[[ DATASET EXCERPT, beginning ]]
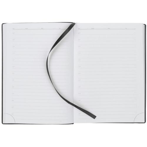 Ежедневник с гибкой обложкой выполнен из материала Brand, черный АА, и дополнен резинкой шириной 1 см с металлическим шильдом, капталом, ляссе черного цвета.
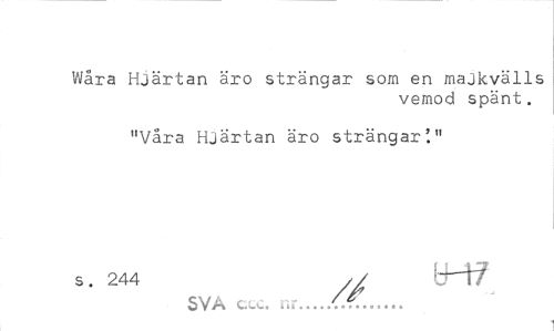 //// Wåra Hjärtan äro strängar som en majkvälls //// vemod spänt. //// "Våra Hjärtan äro strängar'." //// s. 244 // :-Tr //// SVA ccc. ia...( ... ////
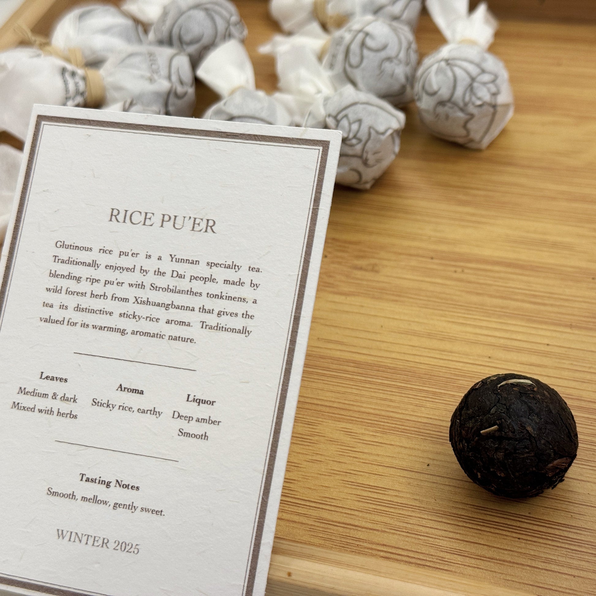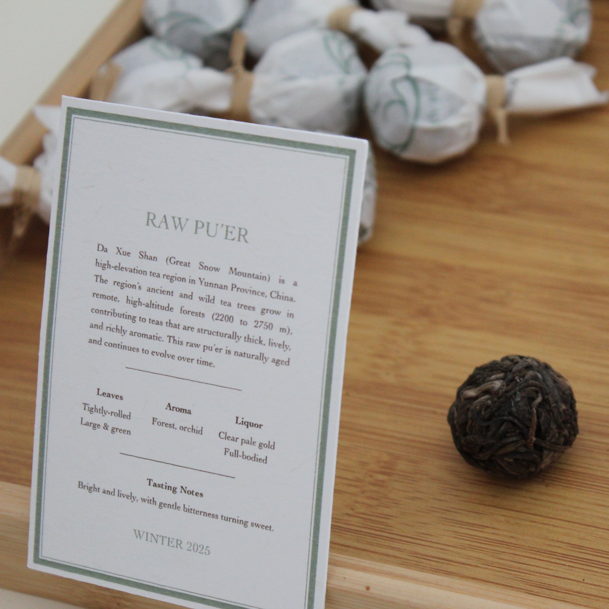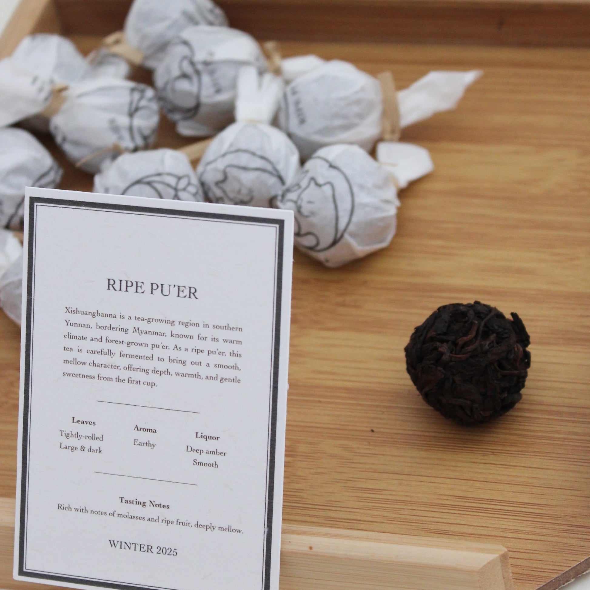 Winter '25 explores pu’er in 3 different forms, all sourced from Yunnan and hand-shaped into convenient single-serve balls. Each box contains 3 of each:
[[ DATASET EXCERPT, end ]]
BRIEF: From the first line to the last, retype the data above exactly, but not its images.

COMPLETED TASK:
 Ежедневник с гибкой обложкой выполнен из материала Brand, черный АА, и дополнен резинкой шириной 1 см с металлическим шильдом, капталом, ляссе черного цвета.
 //// Wåra Hjärtan äro strängar som en majkvälls //// vemod spänt. //// "Våra Hjärtan äro strängar'." //// s. 244 // :-Tr //// SVA ccc. ia...( ... ////
 Winter '25 explores pu’er in 3 different forms, all sourced from Yunnan and hand-shaped into convenient single-serve balls. Each box contains 3 of each:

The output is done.